Case ID: neb_63/html/0798-01.html
Source: Caselaw Access Project
Author: {"author": "\n      Sedgwick, C.", "license": "Public Domain", "url": "https://static.case.law/"}
Date Created: 2024-08-24T03:29:51.129683

Michael Shaughnessy et al. v. St. Andrew's Church of Tecumseh.
    Filed February 6, 1902.
    No. 11,682.
    Commissioner’s opinion, Department No. 2.
    Ejectment: Peiob Equity Action. An action in ejectment can not be maintained during the pendency of a prior action in equity between the same parties, in which plaintiff alleges that defendant wrongfully withholds possession of the same property from the plaintiff, and asks to enjoin the defendant from excluding-the plaintiff therefrom.
    Error from the district court for Johnson county.

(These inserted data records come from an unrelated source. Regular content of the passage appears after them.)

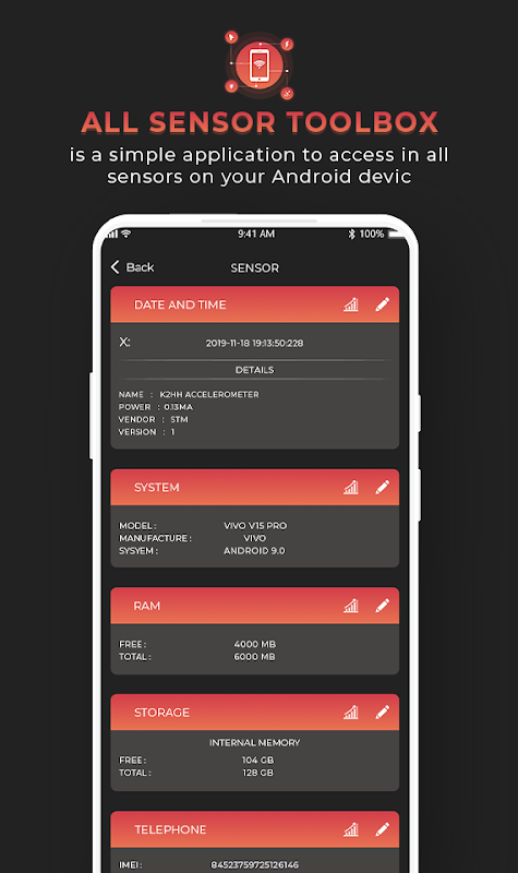 This is the absolute all-in-one diagnostic tool that lets you know virtually everything about your mobile device status. Get full information about all sensors supported by your tablet, smartphone or wearable device. View in comfortable layout all data from your mobile device sensors in real time, make a sensors tests.
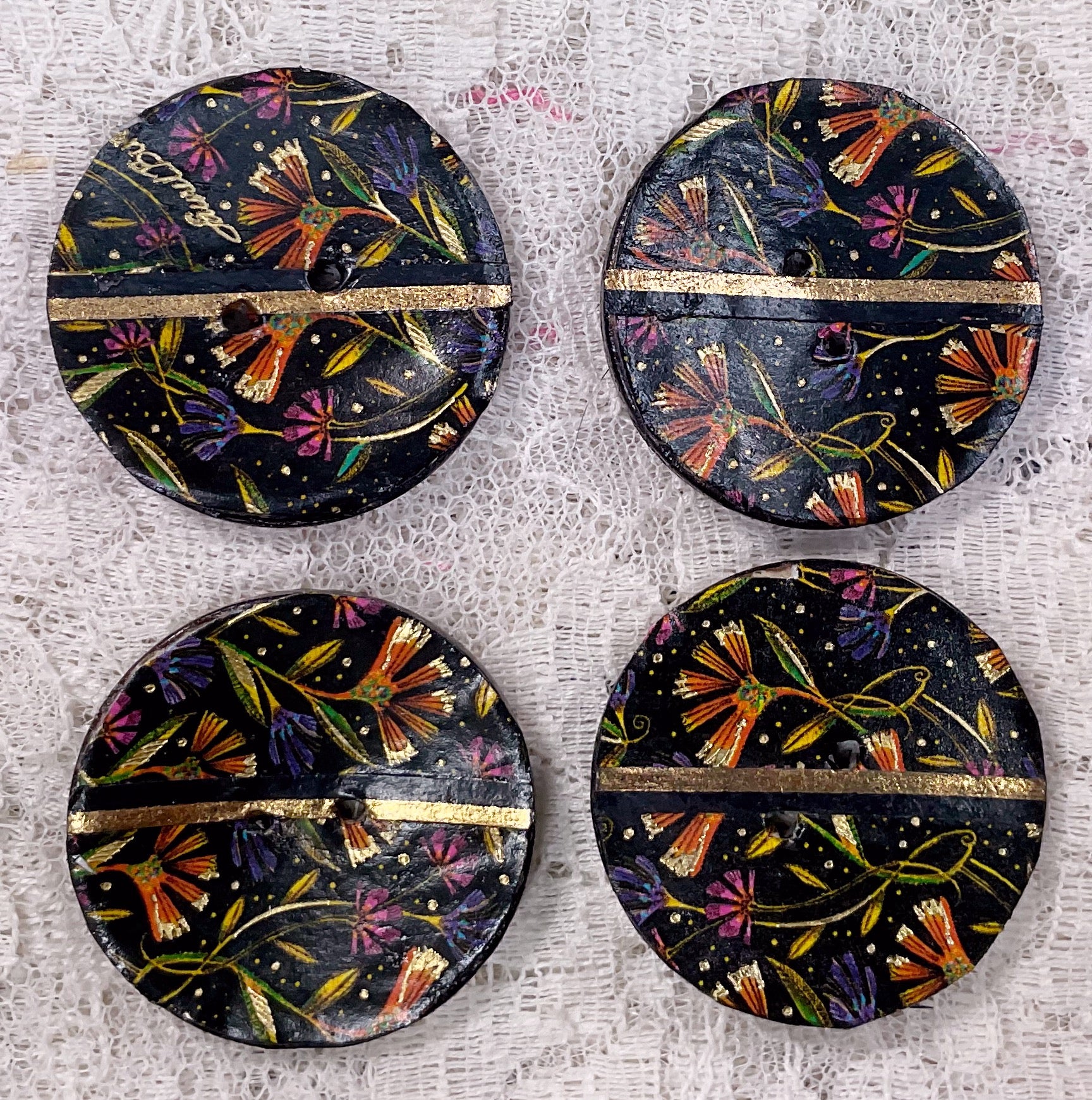 Round Handcrafted coconut buttons, each one created adding a very thin printed paper, then using inks and finished with coats of a clear protection. Buttons apprx 1 and 1/4" in width, and , and 1/8" depth. Each button, while from the same batch, will be unique. I know people have said buttons can be handwashed on a garment, inside out, however I have never felt entirely comfortable while doing. Please note, i am not advising, i feel safer removing, or covering with foi, or plastic wrap with rubber bands. These buttons are embellished with metallic and inks, not sure how washing will work! I would advise handwashing only.
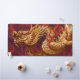 Le tapis représente l'image d'un dragon doré sur un arrière - plan rouge. Ce serait un tapis génial pour quiconque aime les dragons !

Tried beiow before Stubbs, J.
    
      Reversed.
    
    
      Samuel P. Davidson, for plaintiff in ..error.
    
      Sawyer & Snell, contra.
    
   Sedgwick, C.

This is an action in ejectment begun by this defendant in error against the plaintiffs in error in the district court of Johnson county to recover possession of church and parsonage property. The petition is in the ordinary form. The answer, among other pleas, alleges “that on the 30th day of November, 1897, a suit was commenced in this court, in which St. Andrew’s Church of Tecumseh, Nebraska, was named as plaintiff, and these defendants and 'others too numerous to mention’ were named as defendants, and said suit was instituted by and under the direction of said Thomas Bonacum as such bishop, and that in bringing said suit he used the name of said church as plaintiff, as defendants averred therein, without authority. Said suit . was instituted for the sole and only purpose of securing possession of the same property now in controversy, and of removing these defendants from the possession thereof as such trustees on behalf of said communicants, and for the purpose [of] securing possession thereof by said Bonacum, in order that he might use the same for his own individual purposes and not for the benefit of said communicants, as was alleged in the answer in this case, and which these defendants now allege is the sole purpose of this suit. And the subject-matter and issues involved in that suit are the same, in substance and in fact, as the subject-matter and issues involved in this suit. Said suit is now pending and undetermined in the supreme court of Nebraska, to which court it has been regularly taken by appeal by these defendants, after a decree and judgment had been entered in favor of plaintiff in that case in this court. When said case was so taken to the said supreme court of Nebraska, an order for a supersedeas undertaking to be given ivas entered by said supreme court, and in pursuance thereof said undertaking was given and regularly approved and entered, and is now in full force.”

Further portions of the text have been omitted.